» **DIRECTIONS**: Would you return the listing exactly as written, apart from its pictures?

» **INFORMATION PROVIDED**:
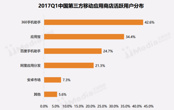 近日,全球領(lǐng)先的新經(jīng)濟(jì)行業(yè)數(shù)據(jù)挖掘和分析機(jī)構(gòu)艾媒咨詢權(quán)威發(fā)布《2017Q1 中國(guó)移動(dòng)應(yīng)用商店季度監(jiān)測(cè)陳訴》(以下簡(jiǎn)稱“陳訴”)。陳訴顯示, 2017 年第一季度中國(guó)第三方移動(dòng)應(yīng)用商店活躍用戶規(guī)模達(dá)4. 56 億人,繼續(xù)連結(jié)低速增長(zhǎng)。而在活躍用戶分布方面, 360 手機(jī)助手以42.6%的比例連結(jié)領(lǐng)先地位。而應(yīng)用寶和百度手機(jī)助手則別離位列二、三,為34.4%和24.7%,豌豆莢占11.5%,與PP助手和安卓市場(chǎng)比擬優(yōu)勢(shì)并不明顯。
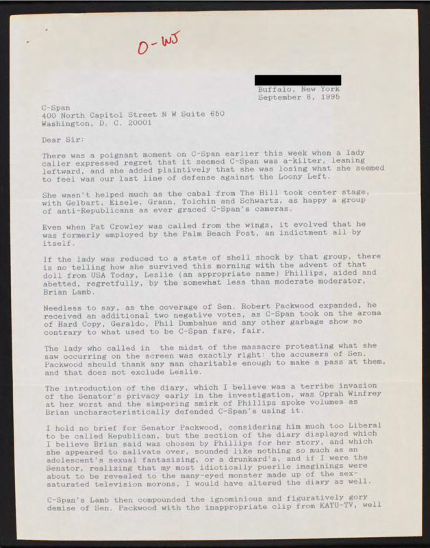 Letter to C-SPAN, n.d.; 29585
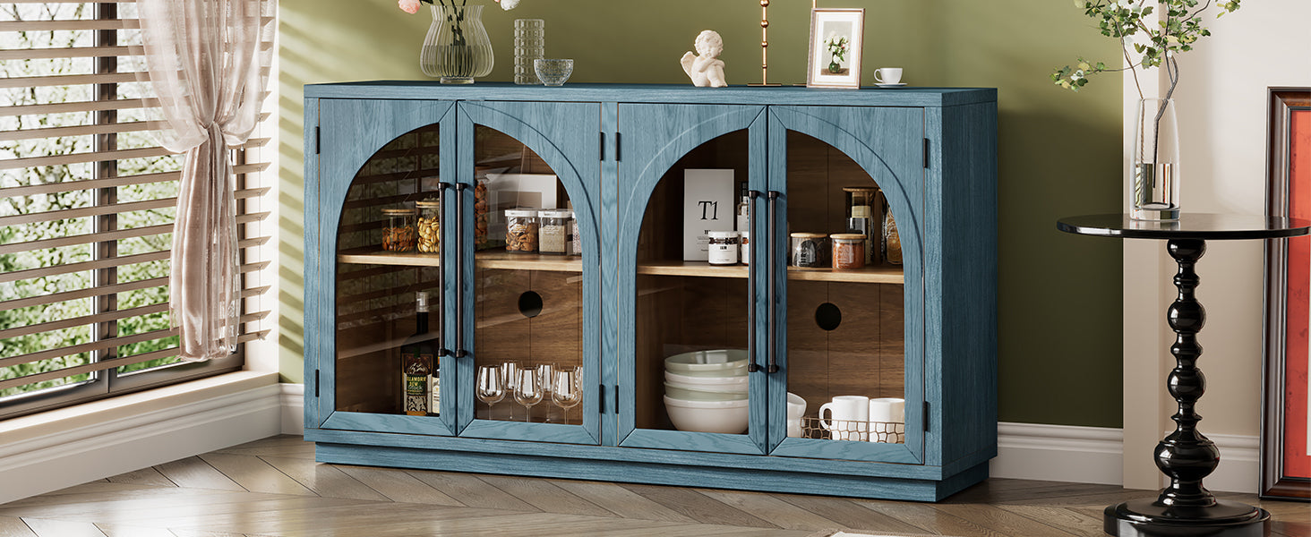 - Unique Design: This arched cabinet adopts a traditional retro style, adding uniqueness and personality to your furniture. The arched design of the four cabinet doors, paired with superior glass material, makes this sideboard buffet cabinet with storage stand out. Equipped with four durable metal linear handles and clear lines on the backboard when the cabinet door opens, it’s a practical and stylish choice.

» **RESPONSE TO THIS EXERCISE**:
 近日,全球領(lǐng)先的新經(jīng)濟(jì)行業(yè)數(shù)據(jù)挖掘和分析機(jī)構(gòu)艾媒咨詢權(quán)威發(fā)布《2017Q1 中國(guó)移動(dòng)應(yīng)用商店季度監(jiān)測(cè)陳訴》(以下簡(jiǎn)稱“陳訴”)。陳訴顯示, 2017 年第一季度中國(guó)第三方移動(dòng)應(yīng)用商店活躍用戶規(guī)模達(dá)4. 56 億人,繼續(xù)連結(jié)低速增長(zhǎng)。而在活躍用戶分布方面, 360 手機(jī)助手以42.6%的比例連結(jié)領(lǐng)先地位。而應(yīng)用寶和百度手機(jī)助手則別離位列二、三,為34.4%和24.7%,豌豆莢占11.5%,與PP助手和安卓市場(chǎng)比擬優(yōu)勢(shì)并不明顯。
 Letter to C-SPAN, n.d.; 29585
 - Unique Design: This arched cabinet adopts a traditional retro style, adding uniqueness and personality to your furniture. The arched design of the four cabinet doors, paired with superior glass material, makes this sideboard buffet cabinet with storage stand out. Equipped with four durable metal linear handles and clear lines on the backboard when the cabinet door opens, it’s a practical and stylish choice.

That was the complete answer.